(Dataset section)

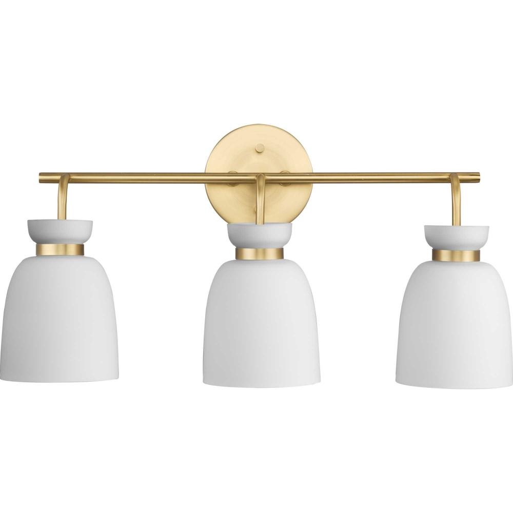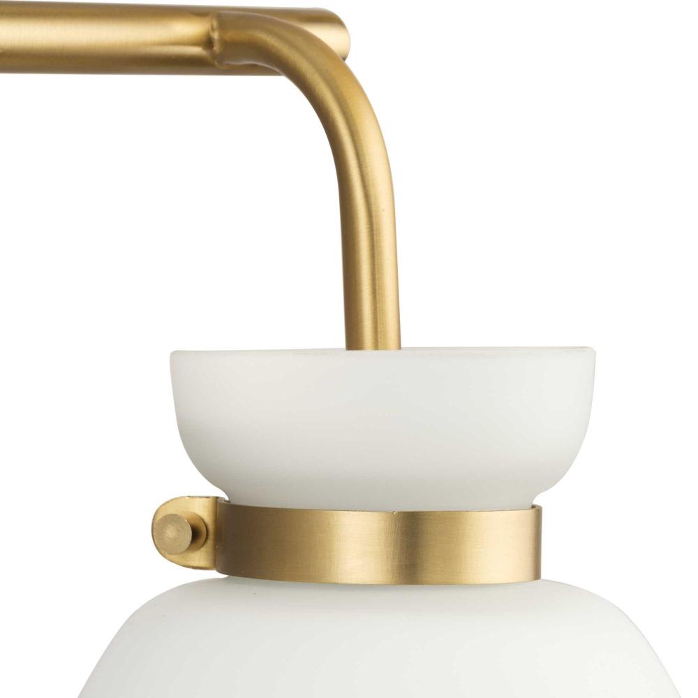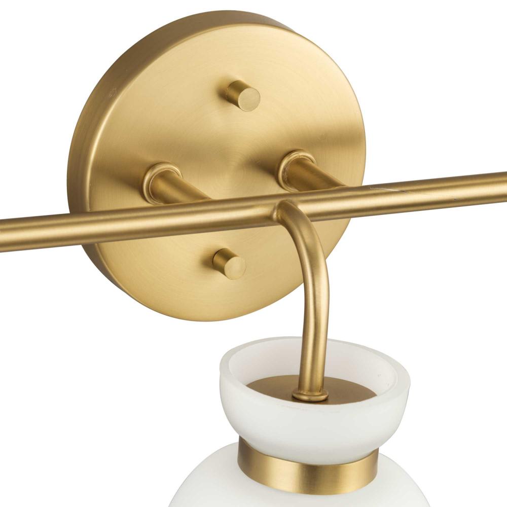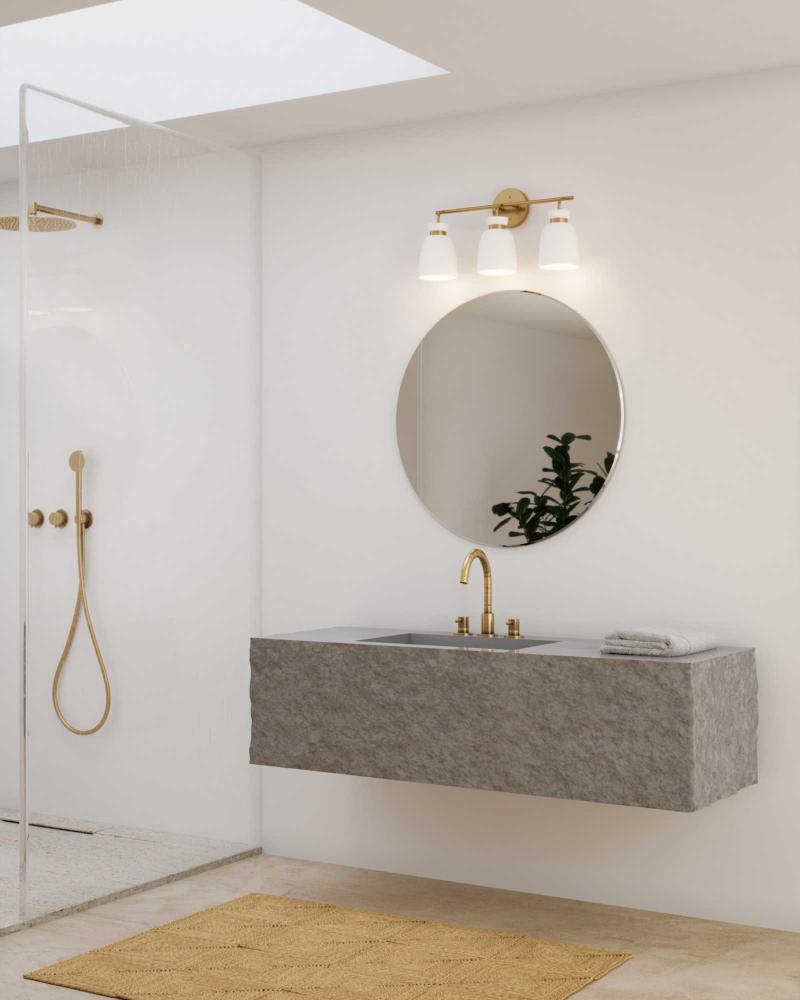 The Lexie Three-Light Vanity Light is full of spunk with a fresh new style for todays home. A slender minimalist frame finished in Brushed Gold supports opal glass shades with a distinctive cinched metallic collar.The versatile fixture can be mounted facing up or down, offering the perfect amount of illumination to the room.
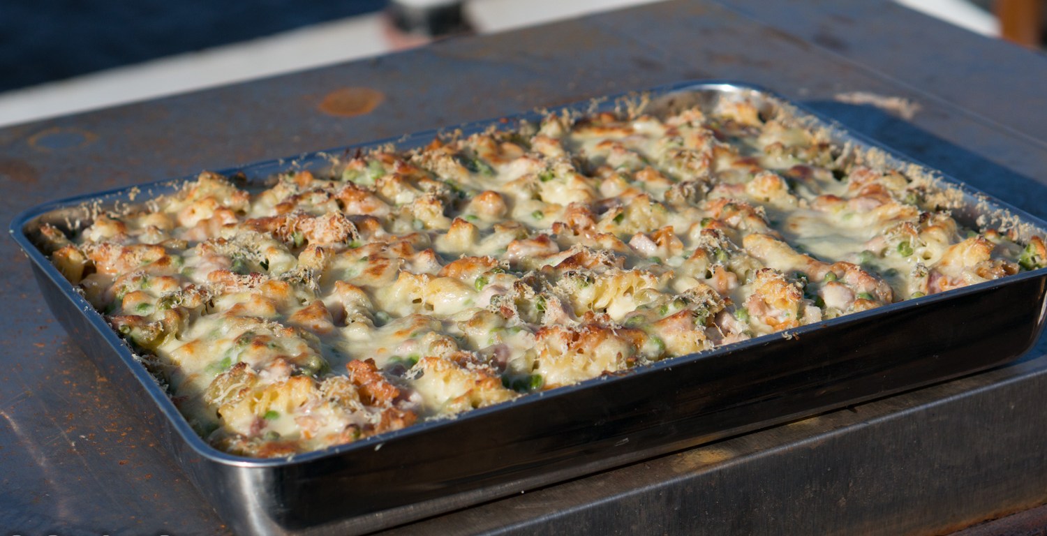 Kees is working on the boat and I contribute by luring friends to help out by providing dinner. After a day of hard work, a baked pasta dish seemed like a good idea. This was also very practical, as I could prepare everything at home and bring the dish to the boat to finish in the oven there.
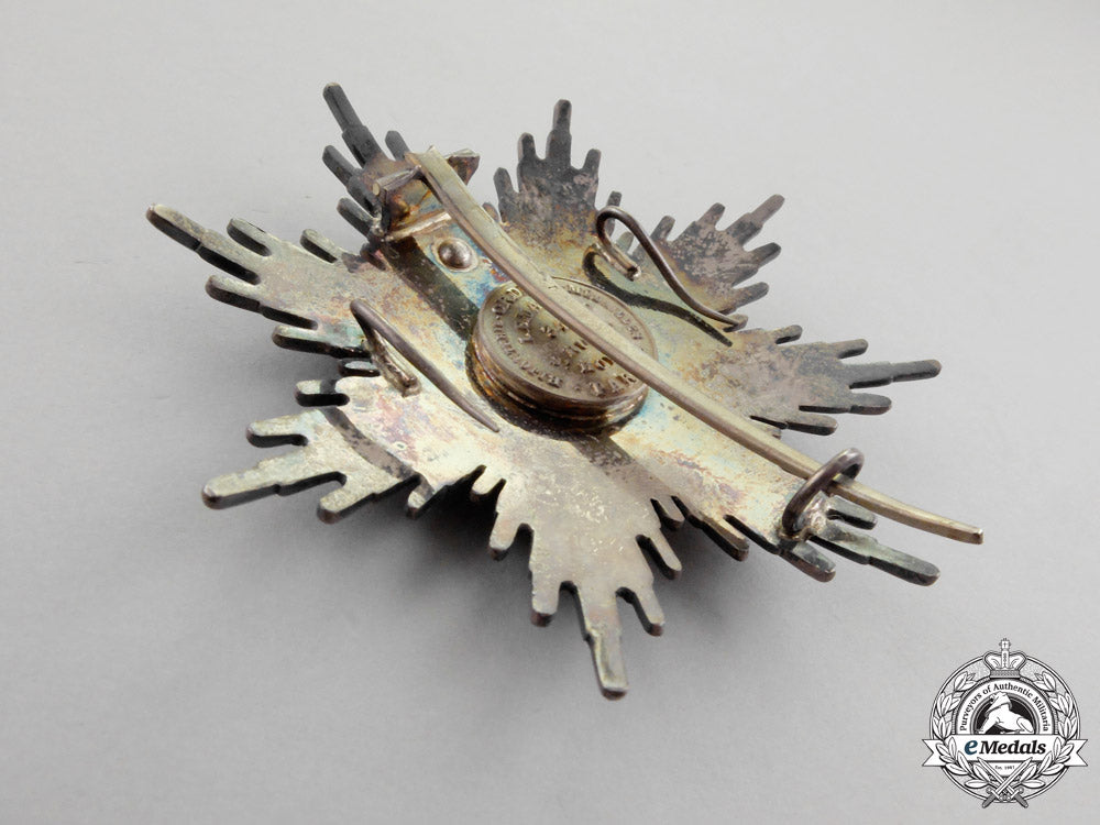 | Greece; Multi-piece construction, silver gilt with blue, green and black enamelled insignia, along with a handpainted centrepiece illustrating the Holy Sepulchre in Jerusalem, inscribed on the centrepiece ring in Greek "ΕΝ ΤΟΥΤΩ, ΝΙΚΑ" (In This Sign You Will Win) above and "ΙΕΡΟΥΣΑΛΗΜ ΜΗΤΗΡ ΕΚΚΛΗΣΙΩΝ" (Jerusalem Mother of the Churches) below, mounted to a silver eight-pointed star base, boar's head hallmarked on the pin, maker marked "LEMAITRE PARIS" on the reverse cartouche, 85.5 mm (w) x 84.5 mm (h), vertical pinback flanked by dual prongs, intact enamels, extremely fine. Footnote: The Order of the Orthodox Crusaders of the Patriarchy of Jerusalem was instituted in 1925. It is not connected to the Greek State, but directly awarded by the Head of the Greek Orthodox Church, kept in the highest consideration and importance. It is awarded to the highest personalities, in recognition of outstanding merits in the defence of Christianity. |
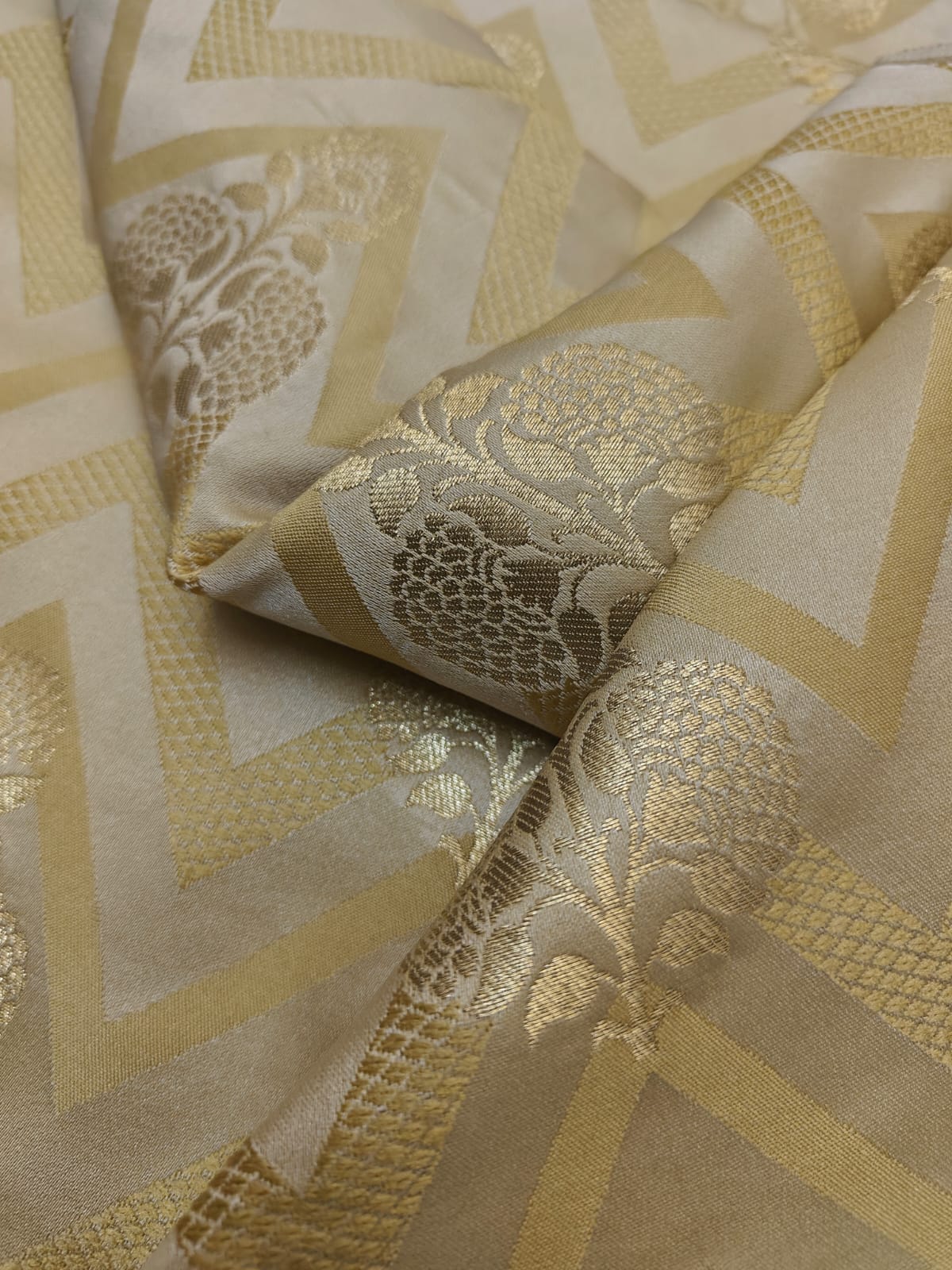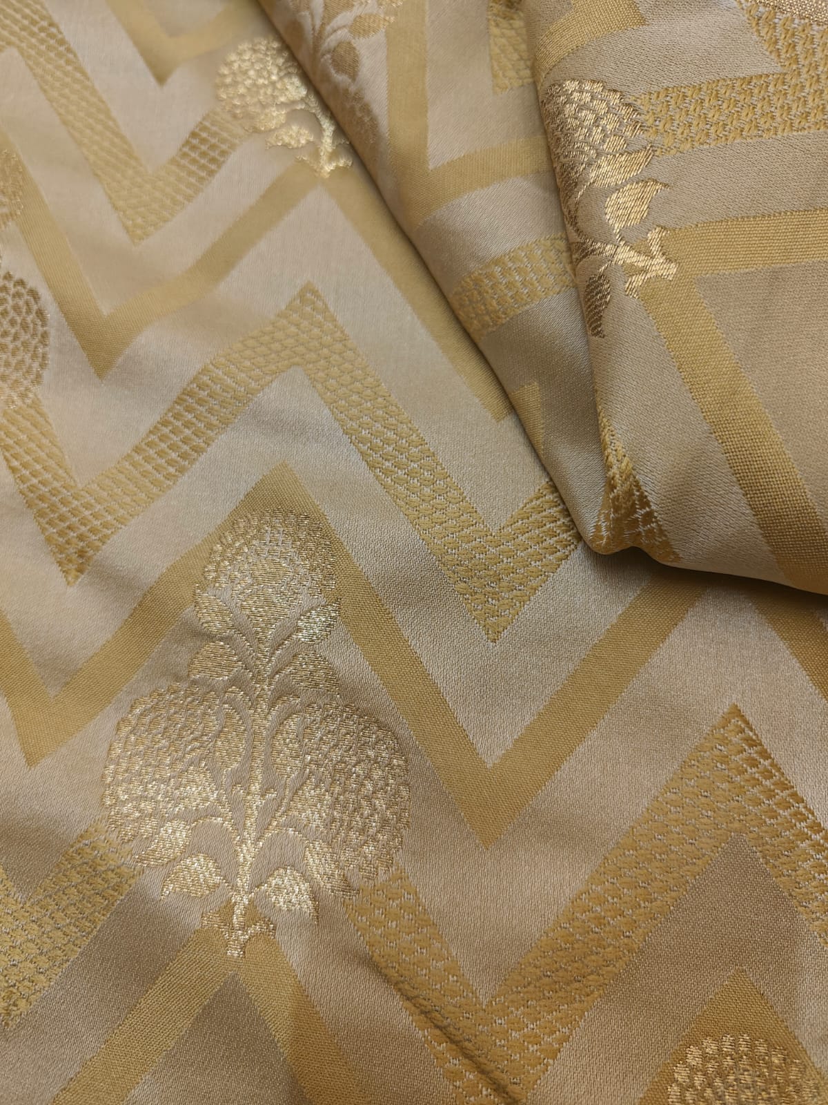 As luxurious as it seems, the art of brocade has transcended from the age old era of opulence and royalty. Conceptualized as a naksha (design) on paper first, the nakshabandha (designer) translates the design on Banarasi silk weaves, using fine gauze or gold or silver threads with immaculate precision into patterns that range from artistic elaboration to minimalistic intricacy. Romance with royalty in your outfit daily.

(End Dataset section)

** Problem description **
Leaving images out, please output every line of the data exactly.

** Answer to this task **
 The Lexie Three-Light Vanity Light is full of spunk with a fresh new style for todays home. A slender minimalist frame finished in Brushed Gold supports opal glass shades with a distinctive cinched metallic collar.The versatile fixture can be mounted facing up or down, offering the perfect amount of illumination to the room.
 Kees is working on the boat and I contribute by luring friends to help out by providing dinner. After a day of hard work, a baked pasta dish seemed like a good idea. This was also very practical, as I could prepare everything at home and bring the dish to the boat to finish in the oven there.
 | Greece; Multi-piece construction, silver gilt with blue, green and black enamelled insignia, along with a handpainted centrepiece illustrating the Holy Sepulchre in Jerusalem, inscribed on the centrepiece ring in Greek "ΕΝ ΤΟΥΤΩ, ΝΙΚΑ" (In This Sign You Will Win) above and "ΙΕΡΟΥΣΑΛΗΜ ΜΗΤΗΡ ΕΚΚΛΗΣΙΩΝ" (Jerusalem Mother of the Churches) below, mounted to a silver eight-pointed star base, boar's head hallmarked on the pin, maker marked "LEMAITRE PARIS" on the reverse cartouche, 85.5 mm (w) x 84.5 mm (h), vertical pinback flanked by dual prongs, intact enamels, extremely fine. Footnote: The Order of the Orthodox Crusaders of the Patriarchy of Jerusalem was instituted in 1925. It is not connected to the Greek State, but directly awarded by the Head of the Greek Orthodox Church, kept in the highest consideration and importance. It is awarded to the highest personalities, in recognition of outstanding merits in the defence of Christianity. |
 As luxurious as it seems, the art of brocade has transcended from the age old era of opulence and royalty. Conceptualized as a naksha (design) on paper first, the nakshabandha (designer) translates the design on Banarasi silk weaves, using fine gauze or gold or silver threads with immaculate precision into patterns that range from artistic elaboration to minimalistic intricacy. Romance with royalty in your outfit daily.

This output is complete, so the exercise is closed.